Disclaimer: This is likely not everything you should do in securing your FreePBX box, but it is a good starting point. It is meant to limit your exposure to the public Internet, but this doesn’t cover exploits that can happen after you lock that down such as from address space you are allowing. Having good credentials, among other security measures is also expected.
FreePBX‘s GUI makes setting up Asterisk a breeze. This is a great product that Sangoma has been supporting for a while. You can get the main package at https://www.freepbx.org/downloads/freepbx-distro for running on your own server or VM. I am running RasPBX that is a slightly slimmed down version that runs very nicely on a Raspberry Pi.
The packages are built on a Debian-based Linux but have some exposure that one needs to do to really lock it down. There are a bunch of applications that are on FreePBX that are listening and waiting for the rest of the Internet to exploit them. You can easily see them by running the command “lsof -i | grep LISTEN”. You may see something like:
root@asterisk:/etc/network# lsof -i | grep LISTEN sshd 612 root 3u IPv4 10163 0t0 TCP *:ssh (LISTEN) sshd 612 root 4u IPv6 10165 0t0 TCP *:ssh (LISTEN) mysqld 1149 mysql 10u IPv4 10996 0t0 TCP localhost:mysql (LISTEN) exim4 1592 Debian-exim 4u IPv4 11165 0t0 TCP localhost:smtp (LISTEN) exim4 1592 Debian-exim 5u IPv6 11166 0t0 TCP localhost:smtp (LISTEN) asterisk 1971 asterisk 13u IPv6 15624 0t0 TCP *:omniorb (LISTEN) asterisk 1971 asterisk 14u IPv6 15625 0t0 TCP *:8089 (LISTEN) asterisk 1971 asterisk 15u IPv4 13884 0t0 TCP localhost:5038 (LISTEN) node 6868 asterisk 13u IPv6 2435746 0t0 TCP *:8001 (LISTEN) node 6868 asterisk 14u IPv6 2435747 0t0 TCP *:8003 (LISTEN) apache2 24214 asterisk 4u IPv6 10221 0t0 TCP *:http (LISTEN) apache2 24214 asterisk 6u IPv6 10225 0t0 TCP *:https (LISTEN) apache2 24215 asterisk 4u IPv6 10221 0t0 TCP *:http [...] root@asterisk:/etc/network#
The first column shows the application that is bound and listening to that port. The last column shows the protocol, what IP address it is bound to and what port. Anything that shows “*:…” means it is listening to all IP addresses on the server. Anything that shows “localhost:…” means it is listening to a local IP address and is not exposed to the public Internet.
So what are these applications and why do they need to be open to the net?

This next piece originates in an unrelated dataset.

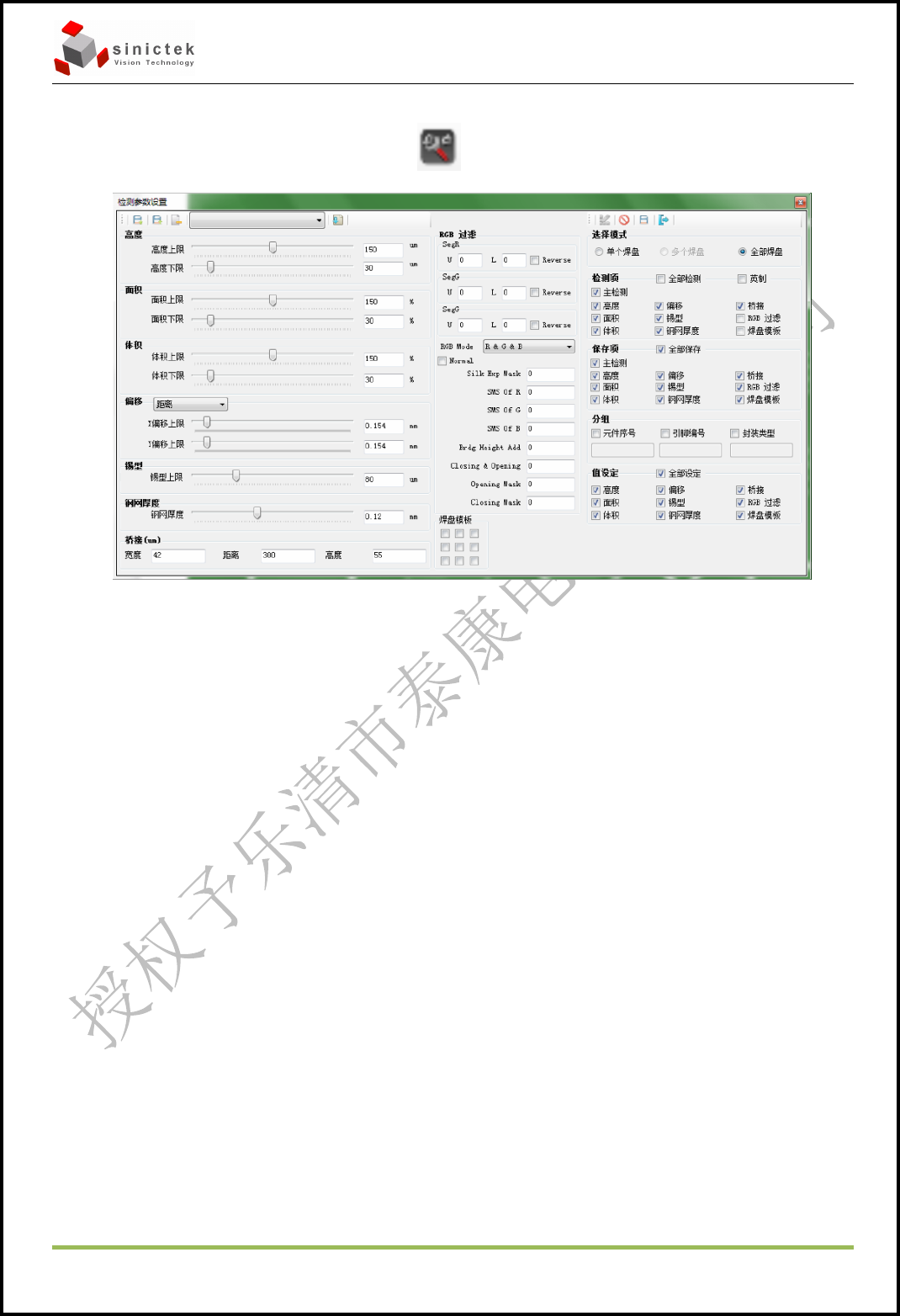 3D SPI 操作手册 思泰克光电 科技有限公司 Page 30 Copyright by Sinic-T ek V isi on T ec hnolog y Co., L td. 5.2.6 对检测指标的范围进行设定 对检测工艺范围进行设定,点击 ,弹出以下窗口 5.2.6.1 Check 选择你要检测的项目。 (例如选定 Check Area,则会对面积进行 检测,不选择则不检测。 ) - Check Height 检查高度; - …

The first one is “sshd” which you likely are using to log into the server with.
“mysqld” is the daemon for the MySQL database that FreePBX uses for configuration and it is bound to the “localhost” so no worry here. If it isn’t you can see https://serversforhackers.com/c/mysql-network-security for a guide on how to lock down MySQL.
“exim4” is a mail server. Normally this is used for delivery of mail to users when there is voicemail or there is a report that needs to be mailed out to an administrator.
“asterisk” has a number of ports open. The “omniorb” port really is port “8088”. You can see this in the file /etc/services. The 8089 port is used by the same feature in Asterisk. This is the “Asterisk GUI” framework. FreePBX uses this for interaction with Asterisk. It really should be locked down to the localhost IP address. You can change this to the localhost IP address of “127.0.0.1” in FreePBX’s “Settings” -> “Advance Settings” tab. Change the HTTP and HTTPS bind address entries for these ports and click on “Submit” and then “Apply Config”. Port 5038 is used for the API for Asterisk. By the default config, it is already bound to locahost / 127.0.0.1.
“node” that is listening on ports 8001 and 8003 is the FreePBX nodejs application that is used for the “User Control Panel (UCP) Node Server” that FreePBX uses. This is used for a user to check voicemail, etc. You can map Asterisk to use the localhost IP address by going into the “Settings” and then “Advanced Settings” and go to the section called “UCP NodeJS Server” and update the “Bind Address” to “127.0.0.1”. (This seems to be not on FreePBX 15 and is already mapped to the localhost.)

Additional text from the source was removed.